In the United States, it became known as an “Angel Shot.” Similarly, if a patron asks for one, it means they feel uncomfortable or unsafe. The staff can help them leave the bar or even escort the person who’s causing the bad situation out of the establishment.
Ordering an Angel Shot at a Bar
Depending on which shot the guest orders, a restaurant or bar that recognizes its meaning will know what to do. There are three different angel shots, each a signal that bartenders and restaurant managers should know as a plea for help.
Angel Shot “With Lime” or “With a Twist”
A patron in a bar asks for one "with lime" or "with a twist" when they want the staff to call the police. It means it could be an emergency situation for the patron.
Angel Shot "On Ice," "With Ice," or "On the Rocks"
Asking for one "on ice," "with ice," or "on the rocks" means the guest wants the staff to order a taxi.
Angel Shot “Neat” or “Straight Up”
Requesting one "neat" or "straight up" means the patron wants someone to escort them to their vehicle. They feel this is their best option for safely exiting the restaurant or bar.
Why Should Your Bar or Restaurant Use It?
It’s Free and Easy to Implement
If you manage bar or restaurant operations, you probably already take numerous measures to keep your customers safe. Adding this shot or a related concept is another way of maintaining a safe place to eat and drink. It might be impossible to completely eliminate uncomfortable situations, but this is an easy and free way to offer additional security.

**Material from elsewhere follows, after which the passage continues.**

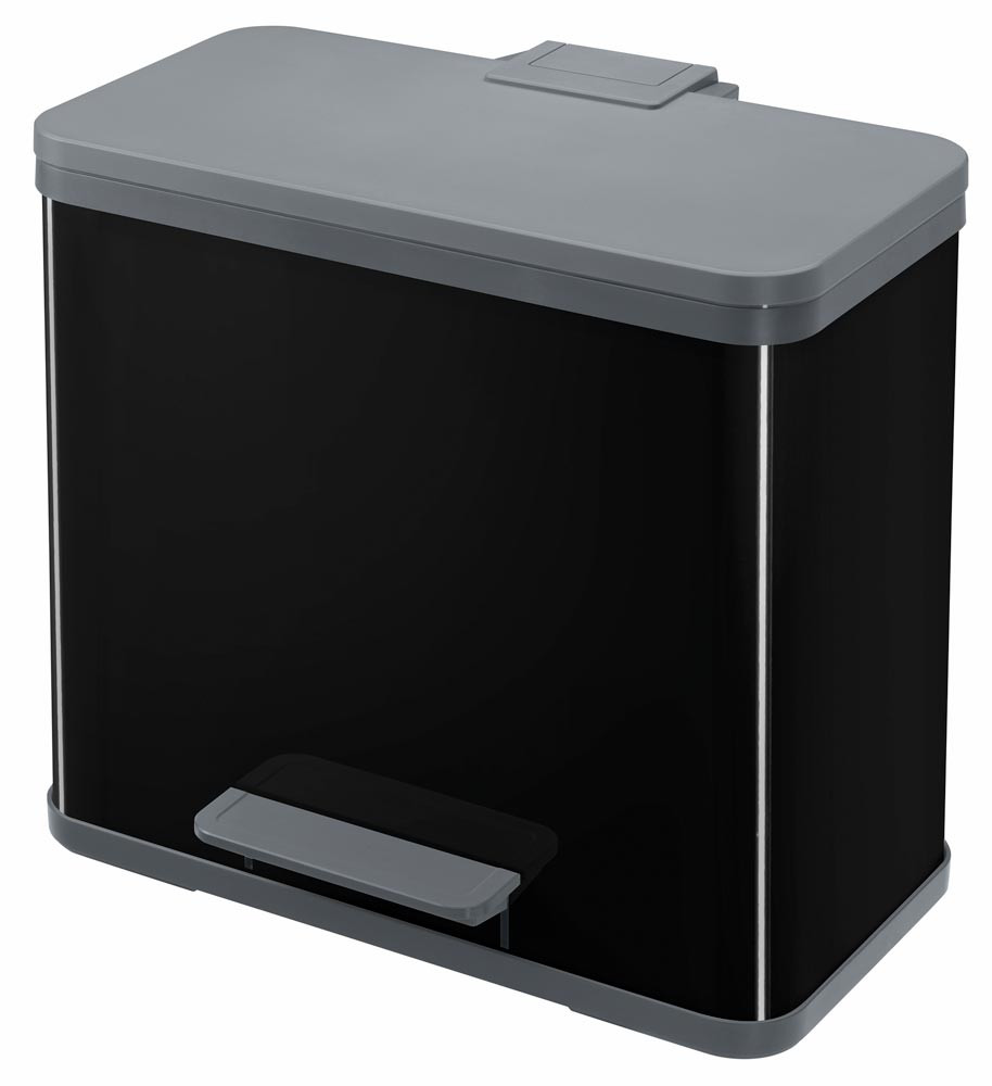 ∙ Rechteck-Gehäuse mit einzelnen Inneneimern zur Mülltrennung ∙ Stabil und standfest ∙ Deckel aus hochwertigem Kunststoff in schwarz mit Vertiefung zur Kennzeichnung der Abfallsortierung, inkl. Farbsticker zur Müllsorten-Kennzeichnung · Gedämpfter Deckel-Schließ-Mechanismus - Deckel schließt leise · Großer Öffnungswinkel zum leichten Befüllen · Ergonomischer Tragegriff im Deckelscharnier integriert · Ergonomisch breites Fußpedal · Innenliegende, hygienische Tretmechanik · Standfest durch breiten Bodenring

It would cost hardly anything to put up signs in the restrooms and provide awareness and training to your bar staff. Be sure that they are familiar with whatever terminology you use and know what steps to take for each situation.

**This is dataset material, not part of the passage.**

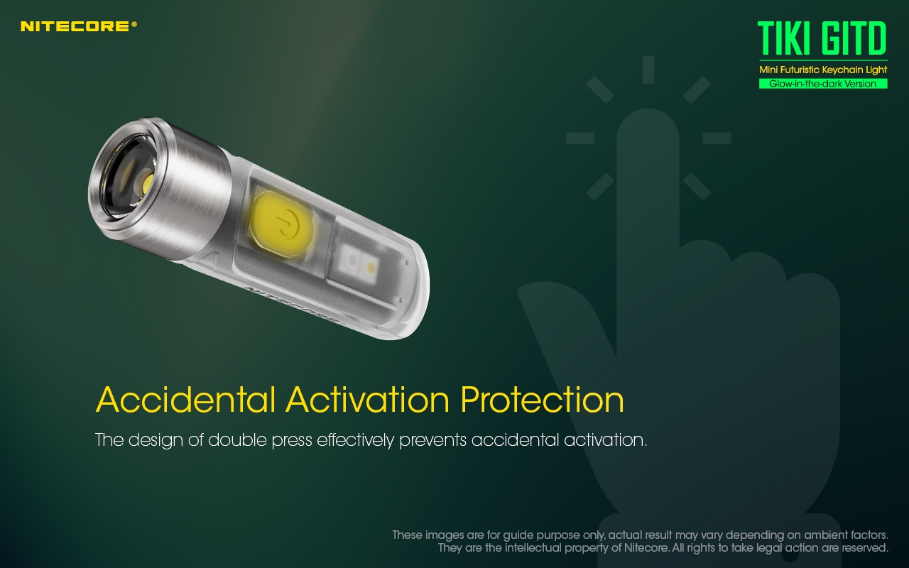 Ο σχεδιασμός για την ενεργοποίηση του φακού με διπλό γρήγορο πάτημα, προστατεύει από ατυχή ενεργοποίηση του φακού όταν π.χ. βρίσκεται μέσα σε τσάντα.

After these steps are in place, your staff will be ready to respond if anyone orders it from the bartender. Usually, the bar staff would require minimal training in this area. They could alert the manager or security guard, who would promptly step in and handle the situation.
Offer Peace of Mind to Your Customers
Using this concept can also benefit your bar or restaurant. People will feel safer at your place with the knowledge that you've adopted this procedure.

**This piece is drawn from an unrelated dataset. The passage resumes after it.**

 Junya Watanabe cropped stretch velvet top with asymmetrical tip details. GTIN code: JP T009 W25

Customers are happy to learn that a bar or restaurant is taking steps to combat the issue of violence. Even if someone never needs to order it at your bar, the knowledge of its existence provides them with peace of mind. Since the “Ask for Angela” campaign began in England in 2016, countless bars and restaurants have implemented this policy to protect their patrons. It's arguably one of the most effective bar and restaurant improvement ideas to come about in the past decade.
Discretion and Subtlety
Asking for one of these shots is a subtle action that shouldn't draw much attention. Ideally, the person causing the issue won't know what's happening until the bar or restaurant staff has already acted. A staff member escorts the potential victim to their vehicle, or the police arrive on the scene to handle the situation.
Using discretion also reduces the possibility of a physical altercation occurring between the staff and perpetrator. Some bystanders might not understand what's happening or whether they should intervene in the matter. This procedure minimizes any unwanted attention that discourages victims from taking action. It contributes to better operational efficiency in restaurants.
Reduce The Risk
Most bars and restaurants take every precaution to keep patrons safe. Unfortunately, there’s always some risk of an unpleasant situation occurring, especially for women. However, an easy and effective procedure like the angel shot can increase the feeling of security for your customers.
It's possible your bar or restaurant already utilizes the concept. If not, it's something worth adding to your bar training and policies so that your guests can focus on enjoying their evening out.